I have a question about digital image files. 

My camera is an 8 megapixel camera. So I was under the false assumption that the largest a file would be was 8Mb. I took some TIFF pics yesterday and the file sizes are between 22-23Mb. WHen I take a JPEG at the 8Mb setting, they are usually 2-4Mb. 

Why is this?

Ben


----------



## gnatster (Mar 6, 2004)

TIFF and JPG are different compression types. For a more detailed explantion see this site


----------



## Ben Belton (Mar 14, 2004)

I know that they are different file (compression) types, but my assumtion was that on an 8mp camera the maxium file size would be 8 million bytes.

Obviously this is not the case.


----------



## gnatster (Mar 6, 2004)

According to eDigitalPhoto.com magazine one multiplies the mega pixel count by 3 to obtain the approximate maximum file size. So thats why you 8 MP camera has a 24MB TIFF file size.


----------



## Ben Belton (Mar 14, 2004)

cool... that would be it then

thanks


----------



## jerseyjay (Jan 25, 2004)

Hey Ben,

Not sure what equipment you use but 8MP camera set for RAW output should produce pictures about ~8MB or higher. 

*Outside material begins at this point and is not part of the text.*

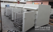(1)烘干工作時間12小時,烘干溫度120℃可調。預計產能為600Kg/車。產品采用托盤平鋪方式放置。

I think you are getting confused with MB/MP and Tiff file format.


----------



## turbomkt (Mar 31, 2004)

One thing you have to remember is that 8MP is that is how many little dots make up the picture. Once you have the number of dots, each dot has to have a color assigned to it. If you are using 24 bit color, that would be 3 bytes. Multiply those 3 bytes by 8 million, and you get about 24MB of info...


----------